**What the task asks**
Could you give back every entry below exactly, with the pictures dropped?

——————

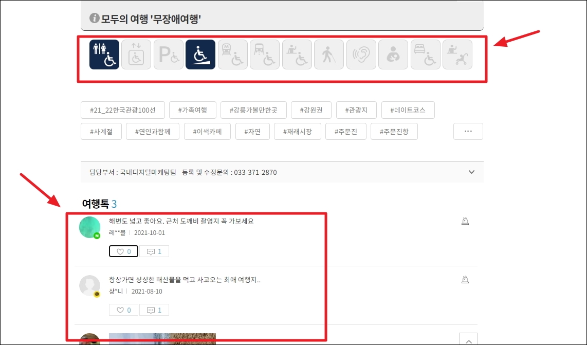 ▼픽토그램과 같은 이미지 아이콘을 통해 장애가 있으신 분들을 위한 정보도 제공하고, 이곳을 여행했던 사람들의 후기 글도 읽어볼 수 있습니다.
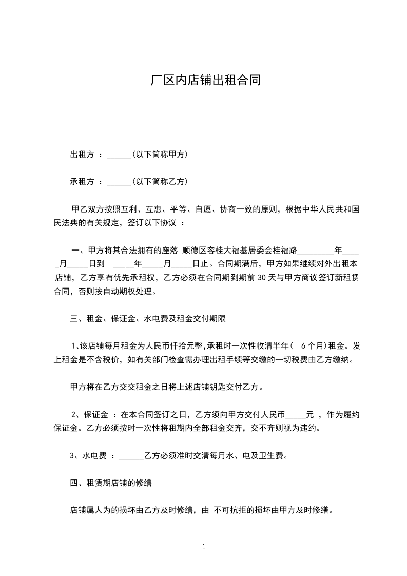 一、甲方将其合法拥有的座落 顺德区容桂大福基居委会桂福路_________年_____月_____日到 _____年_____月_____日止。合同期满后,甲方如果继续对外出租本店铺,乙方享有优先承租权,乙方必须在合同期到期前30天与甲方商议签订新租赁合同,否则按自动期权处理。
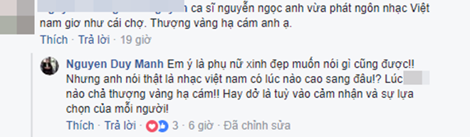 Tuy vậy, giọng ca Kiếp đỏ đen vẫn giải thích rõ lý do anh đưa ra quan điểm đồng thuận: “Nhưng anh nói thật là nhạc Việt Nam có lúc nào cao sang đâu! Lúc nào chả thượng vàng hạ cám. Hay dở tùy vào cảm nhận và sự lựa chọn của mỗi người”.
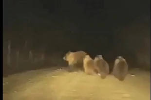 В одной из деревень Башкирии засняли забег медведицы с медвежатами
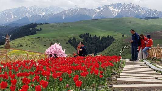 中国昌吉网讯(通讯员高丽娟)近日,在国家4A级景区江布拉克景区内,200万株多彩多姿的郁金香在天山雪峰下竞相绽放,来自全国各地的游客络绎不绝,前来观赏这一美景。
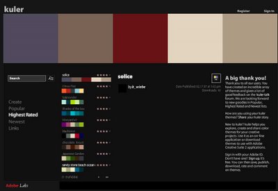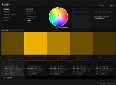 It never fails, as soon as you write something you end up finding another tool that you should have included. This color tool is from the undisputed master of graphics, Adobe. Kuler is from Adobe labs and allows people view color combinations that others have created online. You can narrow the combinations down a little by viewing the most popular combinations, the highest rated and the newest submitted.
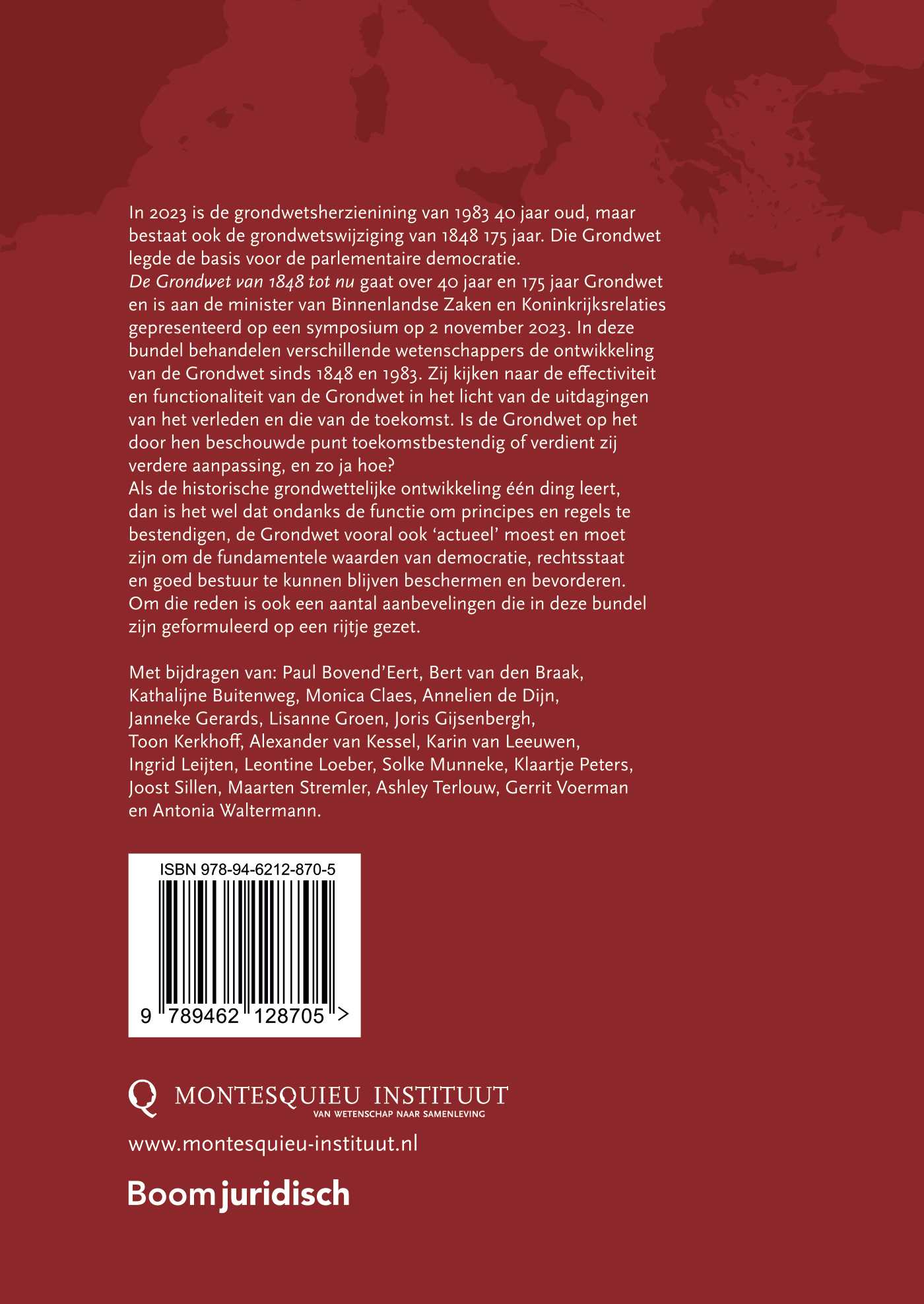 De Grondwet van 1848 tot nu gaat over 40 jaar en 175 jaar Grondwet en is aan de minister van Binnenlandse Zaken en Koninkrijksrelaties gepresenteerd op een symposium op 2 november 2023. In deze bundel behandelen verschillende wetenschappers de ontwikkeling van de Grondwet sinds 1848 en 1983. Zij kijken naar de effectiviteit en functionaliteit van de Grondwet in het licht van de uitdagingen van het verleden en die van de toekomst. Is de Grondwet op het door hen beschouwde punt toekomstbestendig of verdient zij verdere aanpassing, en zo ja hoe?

——————

**Reply**
 ▼픽토그램과 같은 이미지 아이콘을 통해 장애가 있으신 분들을 위한 정보도 제공하고, 이곳을 여행했던 사람들의 후기 글도 읽어볼 수 있습니다.
 一、甲方将其合法拥有的座落 顺德区容桂大福基居委会桂福路_________年_____月_____日到 _____年_____月_____日止。合同期满后,甲方如果继续对外出租本店铺,乙方享有优先承租权,乙方必须在合同期到期前30天与甲方商议签订新租赁合同,否则按自动期权处理。
 Tuy vậy, giọng ca Kiếp đỏ đen vẫn giải thích rõ lý do anh đưa ra quan điểm đồng thuận: “Nhưng anh nói thật là nhạc Việt Nam có lúc nào cao sang đâu! Lúc nào chả thượng vàng hạ cám. Hay dở tùy vào cảm nhận và sự lựa chọn của mỗi người”.
 В одной из деревень Башкирии засняли забег медведицы с медвежатами
 中国昌吉网讯(通讯员高丽娟)近日,在国家4A级景区江布拉克景区内,200万株多彩多姿的郁金香在天山雪峰下竞相绽放,来自全国各地的游客络绎不绝,前来观赏这一美景。
 It never fails, as soon as you write something you end up finding another tool that you should have included. This color tool is from the undisputed master of graphics, Adobe. Kuler is from Adobe labs and allows people view color combinations that others have created online. You can narrow the combinations down a little by viewing the most popular combinations, the highest rated and the newest submitted.
 De Grondwet van 1848 tot nu gaat over 40 jaar en 175 jaar Grondwet en is aan de minister van Binnenlandse Zaken en Koninkrijksrelaties gepresenteerd op een symposium op 2 november 2023. In deze bundel behandelen verschillende wetenschappers de ontwikkeling van de Grondwet sinds 1848 en 1983. Zij kijken naar de effectiviteit en functionaliteit van de Grondwet in het licht van de uitdagingen van het verleden en die van de toekomst. Is de Grondwet op het door hen beschouwde punt toekomstbestendig of verdient zij verdere aanpassing, en zo ja hoe?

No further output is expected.